Il est grand temps de perdre patience

10.05.2018

L’idée existe depuis bientôt 50 ans. Depuis que les « dames bananes » de Frauenfeld ont réclamé de bonnes conditions de production et des prix équitables pour ces fruits jaunes, le commerce
équitable de produits tropicaux s’est fortement développé. En matière de produits fairtrade et d’agriculture biologique, la Suisse est championne du monde. Pourtant, malgré un engagement
sur plusieurs décennies, ni les produits équitables ni les produits bios ne dépassent 10% des parts de marché. A ce rythme, il faudrait plusieurs siècles pour que les 90% restants de nos aliments soient élaborés de telle sorte qu’ils permettent à celles et ceux qui les produisent, en Suisse ou à l’étranger, de mener une vie digne tout en préservant le sol, l’eau, le climat et la biodiversité. Il est donc grand temps de perdre patience.

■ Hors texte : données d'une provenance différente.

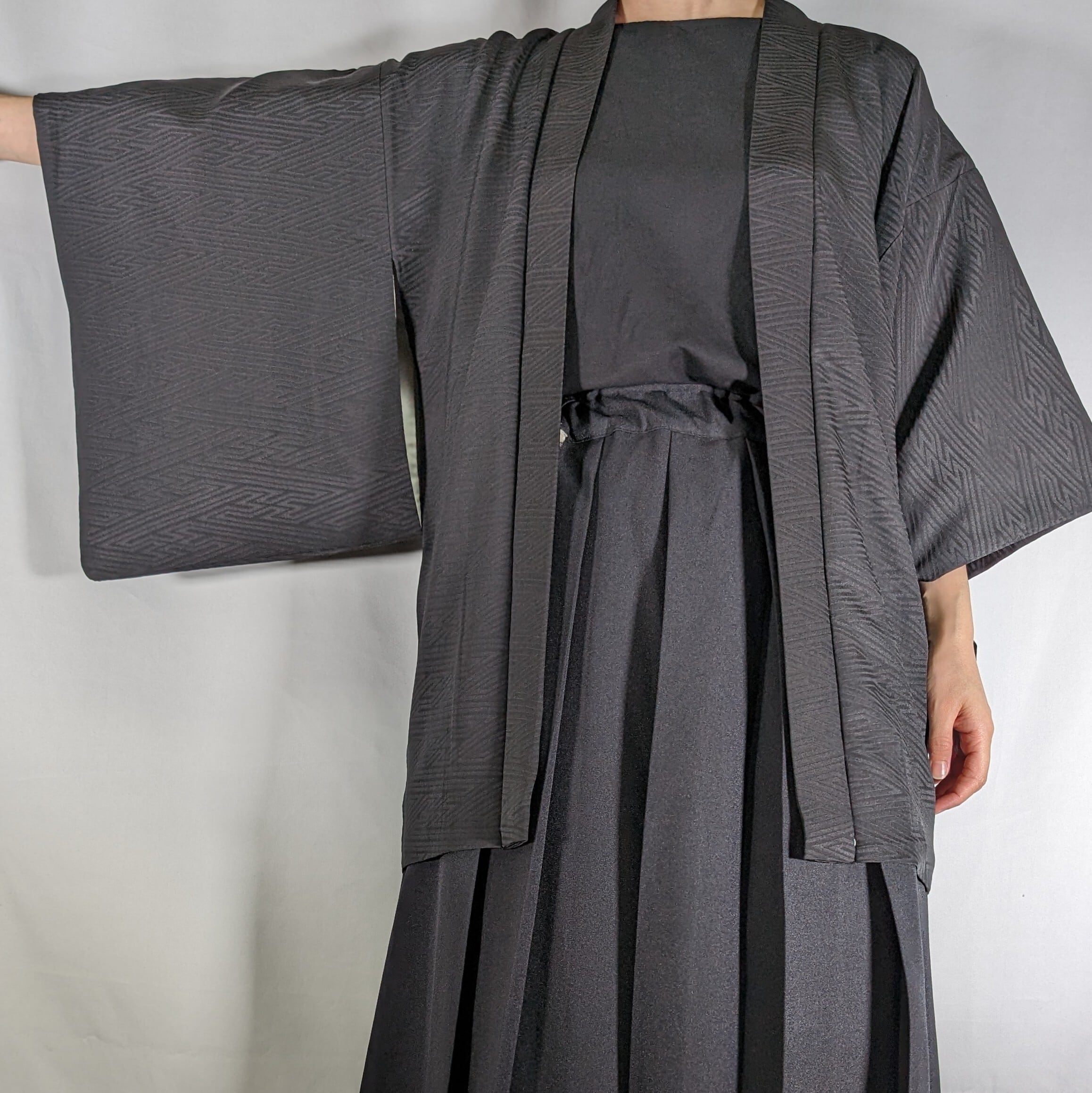 【14406】 ヴィンテージ 黒羽織 地模様 和洋折衷コーデ / Japanese vintage kimono black haori jacket

Presque 50% d’importations

Les deux initiatives sur l’agriculture soumises au vote cette année pourraient accélérer sensiblement le rythme menant à davantage de durabilité dans notre système alimentaire. Ainsi, l’initiative des Verts pour des aliments équitables exige que la Confédération encourage « l’offre de denrées alimentaires sûres, de bonne qualité et produites dans le respect de l’environnement, des ressources et des animaux, ainsi que dans des conditions de travail équitables ». Ces principes doivent valoir tant pour les aliments produits en Suisse que pour ceux importés. Près de la moitié des aliments consommés en Suisse sont produits à l’étranger : des tomates du sud de l’Italie ou d’Espagne récoltées par des émigrées africaines dans des conditions proches de l’esclavage, ou encore de la viande et des œufs provenant d’usines à animaux allemandes, dans lesquelles l’élevage en cage et le recours aux antibiotiques sont monnaie courante. Cette initiative pourrait offrir des chances aux pays en développement : des coopératives de petits paysans ayant une production biologique bénéficieraient d’un soutien ciblé et obtiendraient ainsi des avantages sur le marché face aux grosses exploitations industrielles.

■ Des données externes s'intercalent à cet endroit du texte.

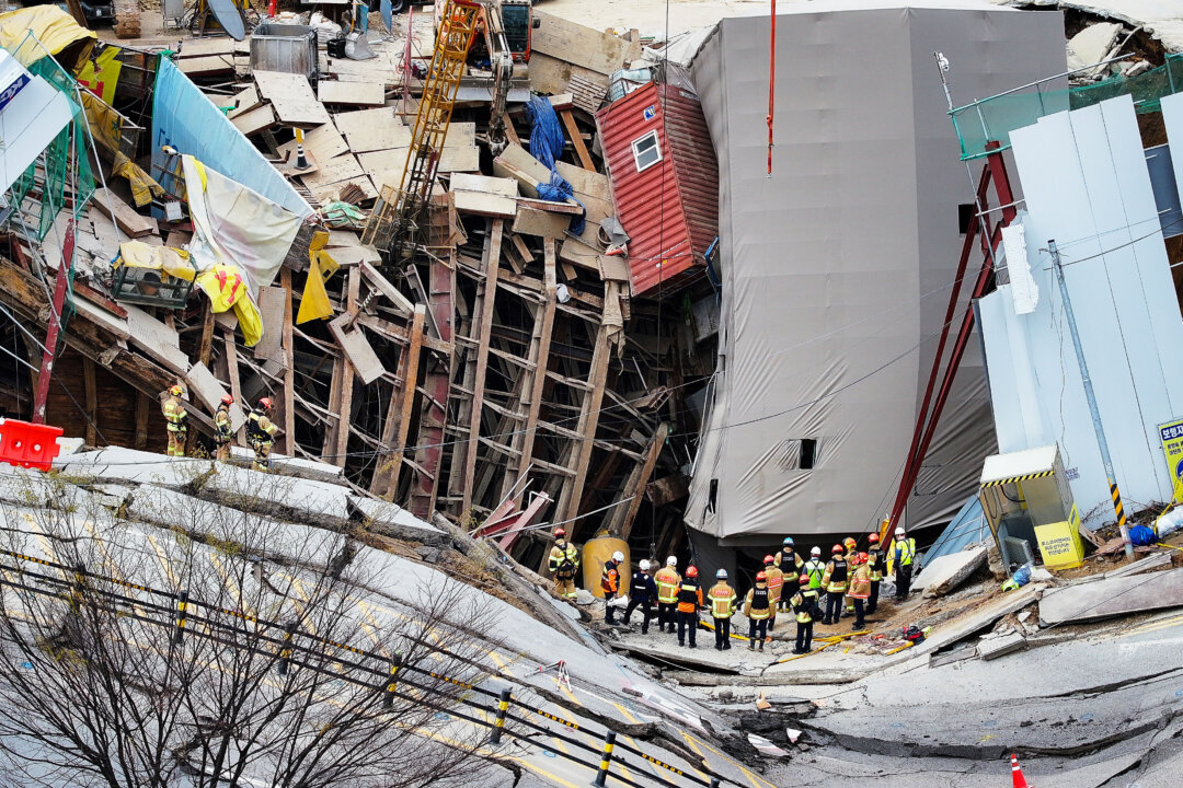 South Korean firefighters work the scene of a collapsed subway construction site in Gwangmyeong, South Korea, on April 12, 2025. The site collapsed on April 11, leaving workers trapped almost 100 feet underground. One of the workers was rescued April 12 after being trapped below the surface for 13 hours. Hong Ki-won/Yonhap via AP

Pas le temps d’avancer comme des escargots

L’initiative pour la souveraineté alimentaire lancée par le syndicat agricole Uniterre entend freiner le déclin continuel de la paysannerie qui menace la diversité de la production, en garantissant
de meilleures conditions de travail et la conservation des terres cultivables aux paysannes et aux paysans. Actuellement, trois exploitations agricoles disparaissent chaque jour en Suisse. La Confédération doit favoriser l’ « agriculture paysanne indigène », qui est « rémunératrice et diversifiée » et produit des aliments sains, écologiques et non transgéniques. Uniterre est membre du mouvement international paysan La Via Campesina, organisation partenaire de HEKS. Elle voit son initiative comme une contribution à un changement de paradigme global au
sein de l’agriculture, propre à renforcer les économies locales et écologiques. Dans le travail qu’elles accomplissent, HEKS et Action de Carême s’engagent aussi en faveur de
cette vision, soit un système d’alimentation qui ne soit déterminé ni par la pression de la croissance, ni par une attitude de surconsommation, mais qui mette l’être humain et la nature au centre. Produire, commercer et consommer des produits régionaux et de saison de manière biologique et équitable, voilà ce qui doit devenir la norme, dans un proche avenir déjà. Car nous manquons de temps pour une politique durable qui avance jusqu’ici au rythme de l’escargot. — Tina Goethe

Cet article est tiré du dossier 02/18 sur le commerce agricole.